Least value of $\alpha \in \mathbb R$ ($\forall x >0)$ for which $4 \alpha x^2 + \frac{1}{x} \geq 1$ 
What is the least value of $\alpha \in \mathbb R$ ($\forall x >0)$  for which 
  $$4 \alpha x^2 + \frac{1}{x} \geq 1?$$ 

I've tried applying the A.M $\geq$ G.M inequality-
$$\dfrac{4\alpha x^2 +\frac{1}{x}}{2} \geq \sqrt{4\alpha x^2 \times \frac{1}{x}}$$
$$\implies \dfrac{4\alpha x^2 +\frac{1}{x}}{2} \geq \sqrt{4\alpha x }$$
I'm not sure how I can simplify this further to obtain a condition for $\alpha$. 
How do I proceed with this question? 
 A: An alternative approach using calculus: when $\alpha<0,4\alpha x^2+\frac1x\to-\infty<1$ as $x\to\infty.\alpha=0$ may be rejected similarly. Thus, $\alpha>0$.
$4\alpha x^2+\frac1x$ is differentiable for $x>0$ and attains global minimum of $3\alpha^{1/3}$ at $x=\frac1{2\alpha^{1/3}}$. Thus,$$3\alpha^{1/3}\ge1\\\implies\alpha\ge\frac1{27}$$
A: Clearly you can see, x does not cancel on RHS
You need to use the weighted AM-GM inequality. 
$$\frac {(4\alpha x^2)+2(\frac 1 {2x})} {3} \ge \sqrt[3]{ (4\alpha x^2)\Big(\frac 1 {2x}\Big)^2}$$
See if you can proceed now.
A: $$4\alpha x^2+\frac{1}{2x}+\frac{1}{2x}\geq 3\sqrt[3]{4\alpha x^2\cdot \frac{1}{2x}\cdot \frac{1}{2x}}$$
A: The least value is $1/27$. Here is why.

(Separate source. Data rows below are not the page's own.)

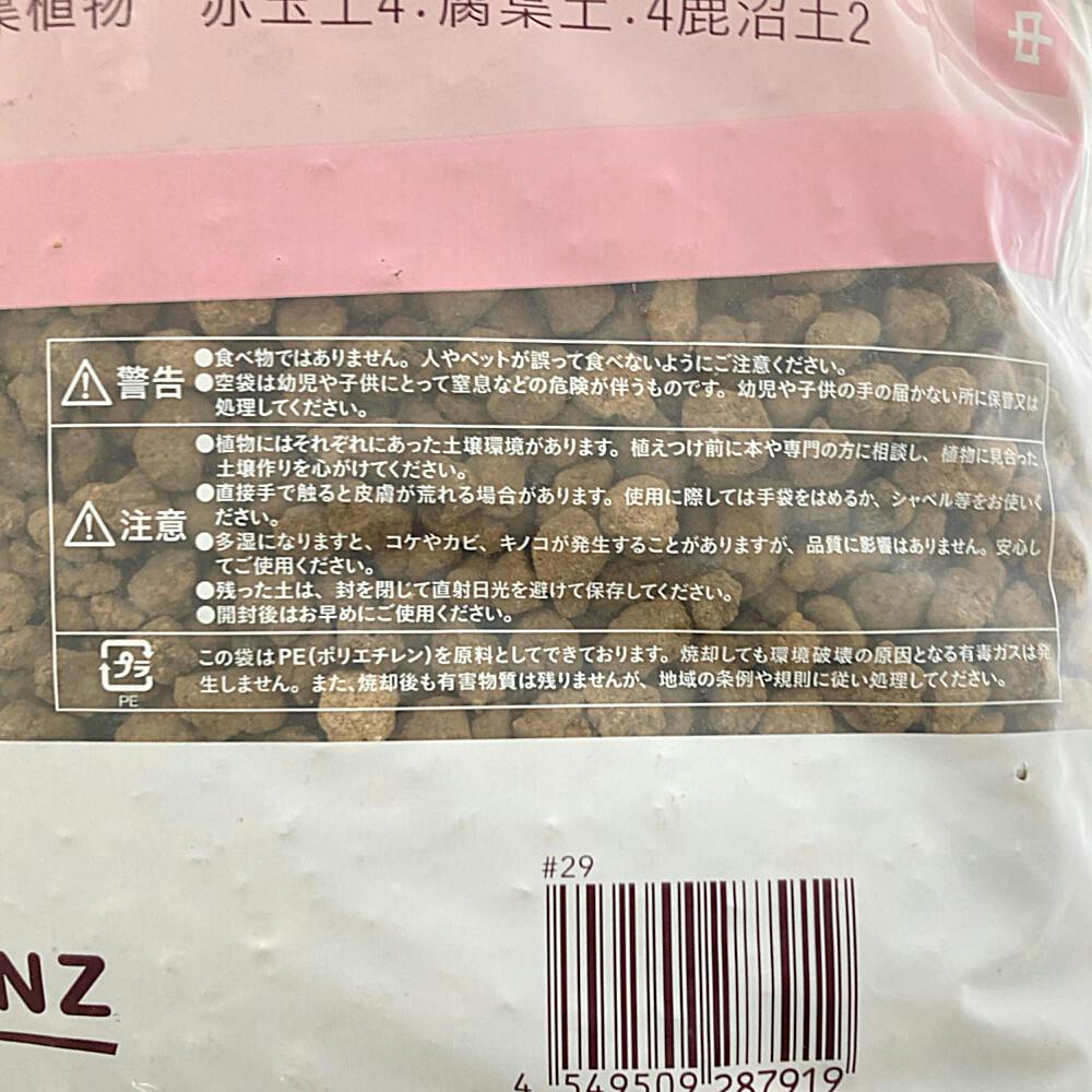 ●植物にはそれぞれにあった土壌環境があります。植えつけ前に本や専門の方に相談し、植物に見合った土壌作りを心がけてください。●直接手で触ると皮膚が荒れる場合があります。使用に際しては手袋をはめるか、シャベル等をお使いください。など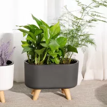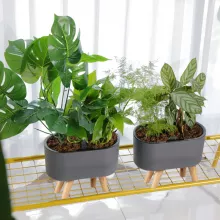 Crafted from durable plastic and wood components, this flower pot features a two-part design that promotes optimal plant health. The upper pot holds the plant and soil, while the lower reservoir stores water. A cotton rope allows water to be drawn up automatically, keeping the soil consistently moist without overwatering. Additionally, the built-in water level gauge lets you easily monitor when it’s time to refill the reservoir.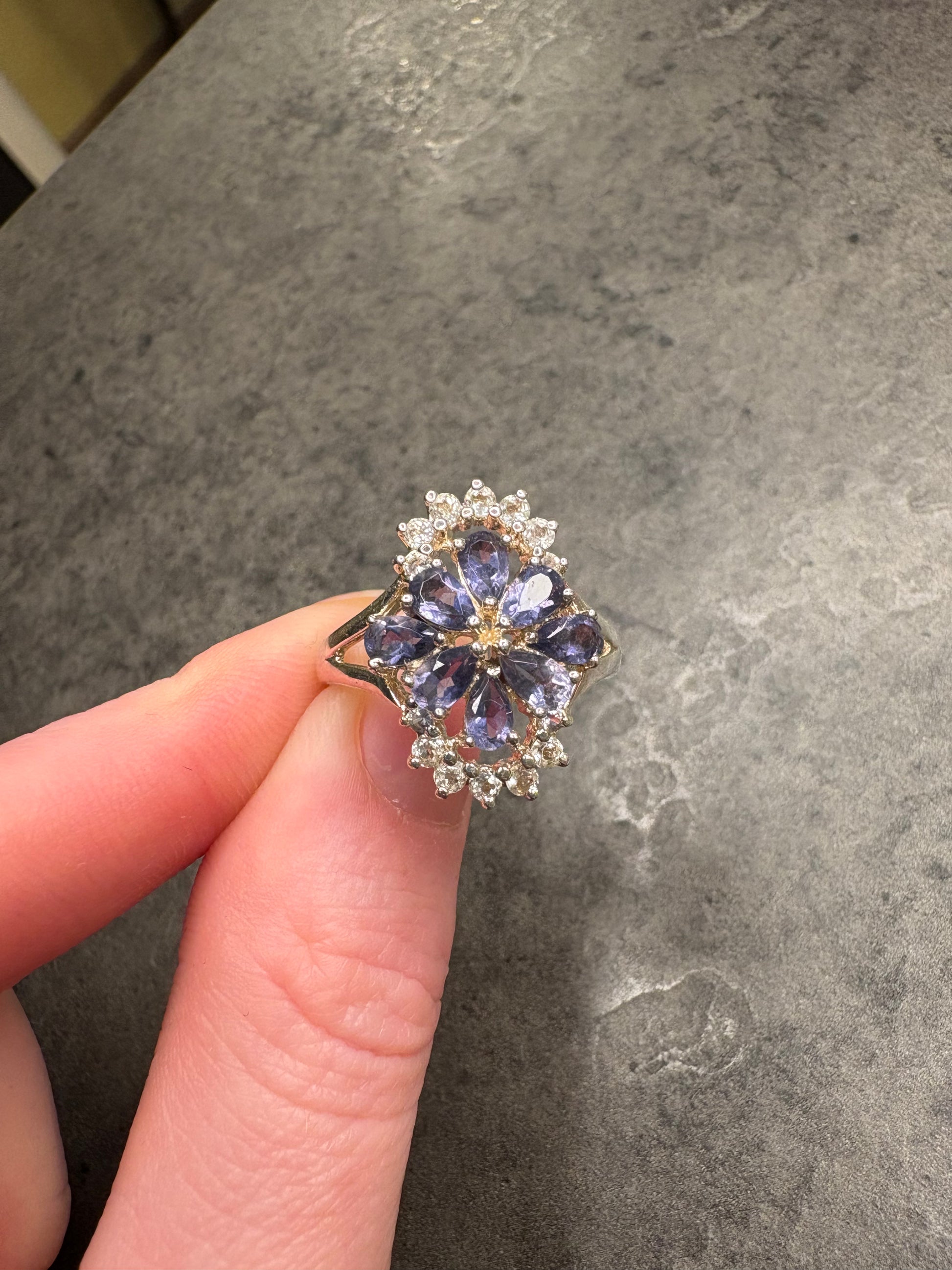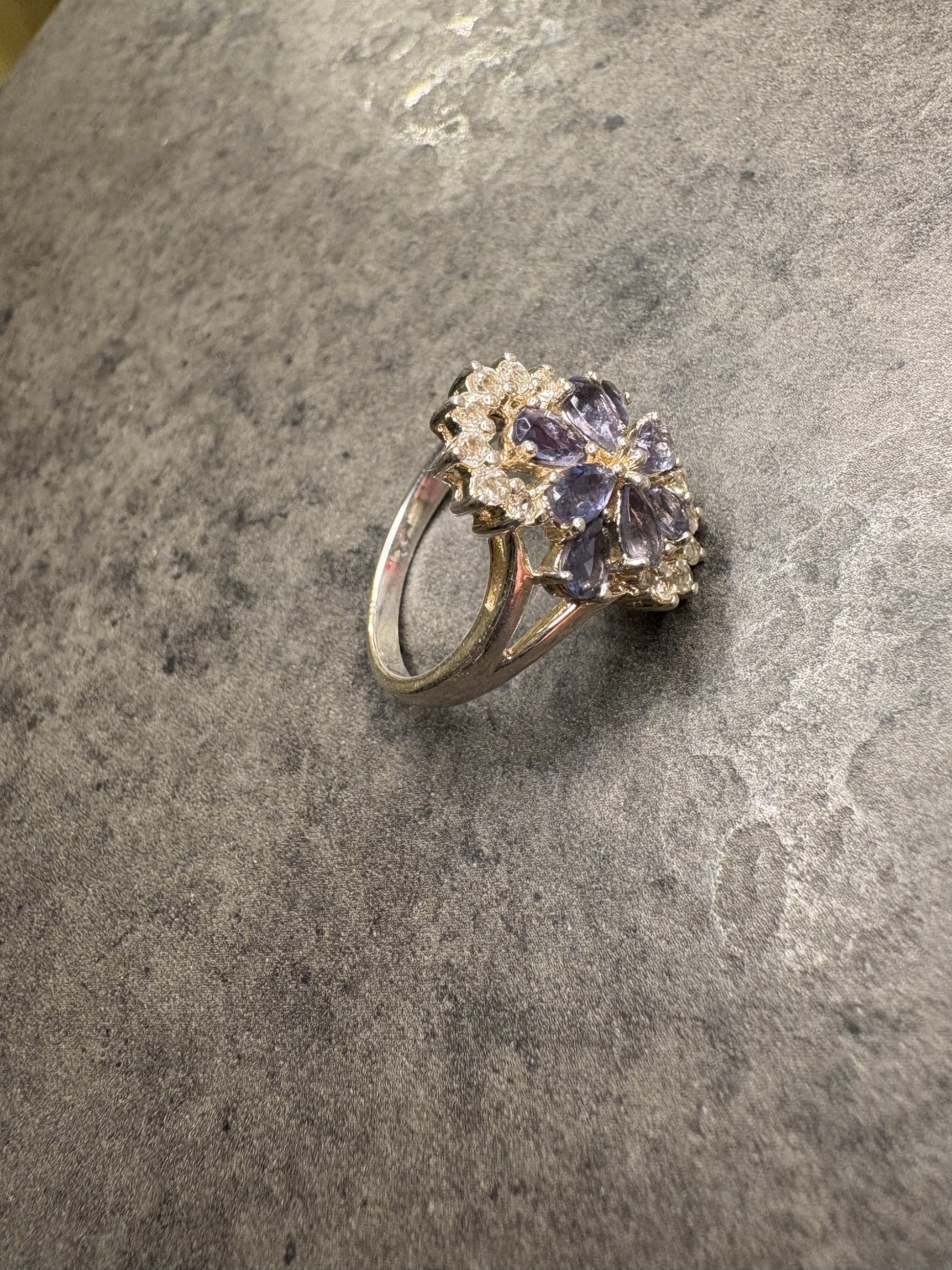 Il design presenta un motivo floreale centrale composto da petali di iolite sintetico taglio marquise, dalle intense sfumature azzurro-violacee, incastonati a griffe in una montatura a giorno che ne esalta la trasparenza.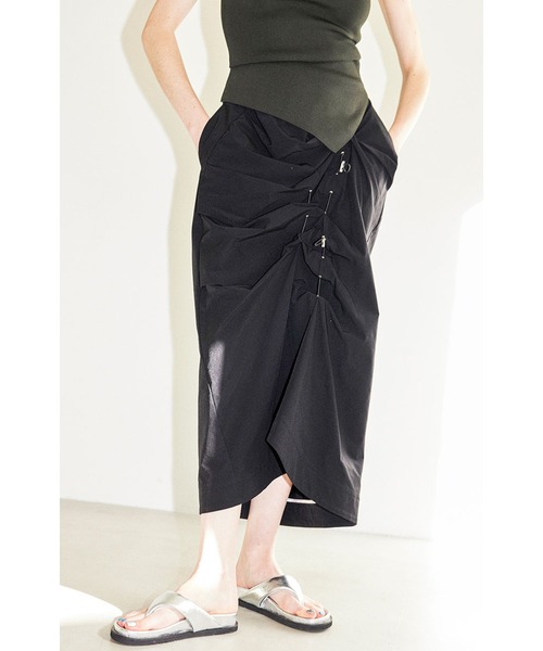 スポーティーな素材感と、相反する女性らしいドレープシルエットがユニークな一着。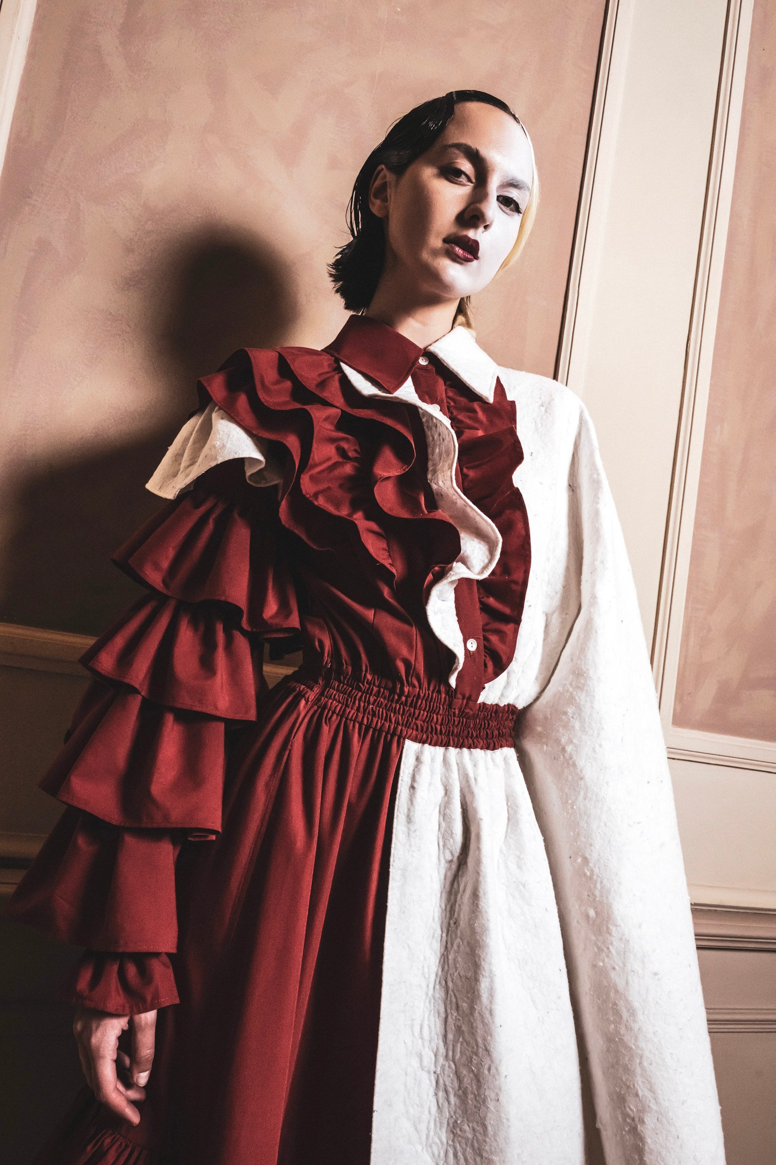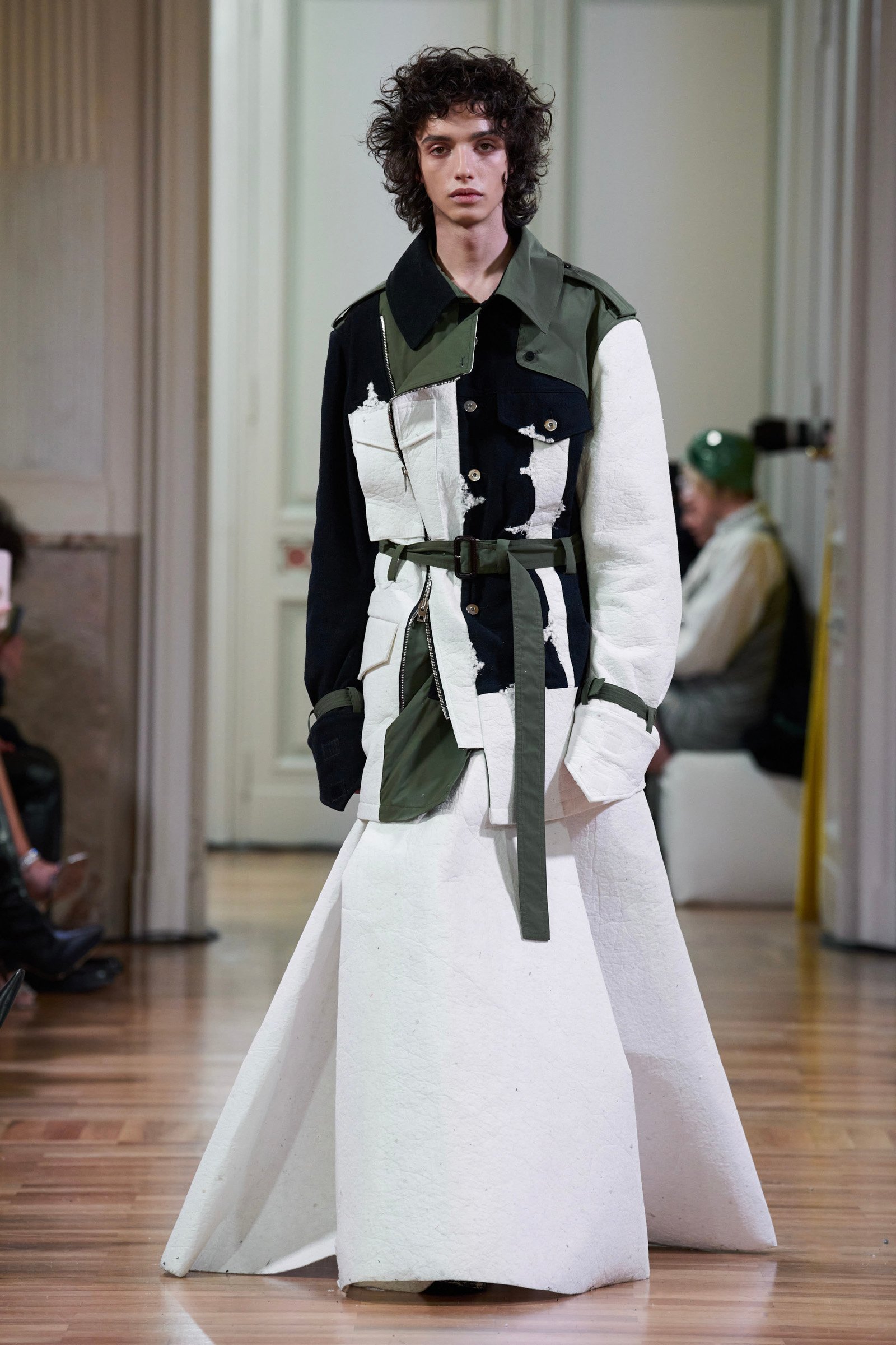 アツシ ナカシマがミラノでコレクションを発表するのは、2020年春夏以来3年半ぶり。中島自身の健康上の問題をきっかけに、環境問題を意識するようになり、同時にコレクション発表を行う行為自体が服の大量廃棄など環境破壊につながっているのではと考えるようになったという。そこで同氏は、自身のブランドと併行し、ITコンサルティングなどを行うKeepAliveと共同で「サーキュラリティ(Circularity)」プロジェクトを立ち上げ。再生可能素材を使ったデザイン性の高い服を作ることで、新たなファッションの楽しみ方を体験できるような、「循環性」を持ったプロジェクトを目指すとしている。

Suppose that $\alpha\in\mathbb{R}$ satisfies 
$$
(\forall x>0)\quad
4\alpha x^2+\frac{1}{x}\geq 1.
$$
We therefore must have $(\forall x>0)\;\alpha\geq(x-1)/(4x^2)$. A straightforward calculation shows that the maximum value of the function $x\mapsto(x-1)/(4x^2)$ on $\left]0,+\infty\right[$ is $1/27$. Thus $\alpha$ must be at least $1/27$. Let us show that the value $1/27$ satisfies the requirement. Indeed, by Cauchy--Schwarz,
$$
(\forall x>0)\quad
\frac{4}{27}x^2+\frac{1}{x}
=\frac{4}{27}x^2+\frac{1}{2x}+\frac{1}{2x}
\geq
3\sqrt[3]{\frac{4}{27}x^2\times\frac{1}{2x}\times\frac{1}{2x}}=1,
$$
as claimed. Show the least value of $\alpha$ is $1/27$.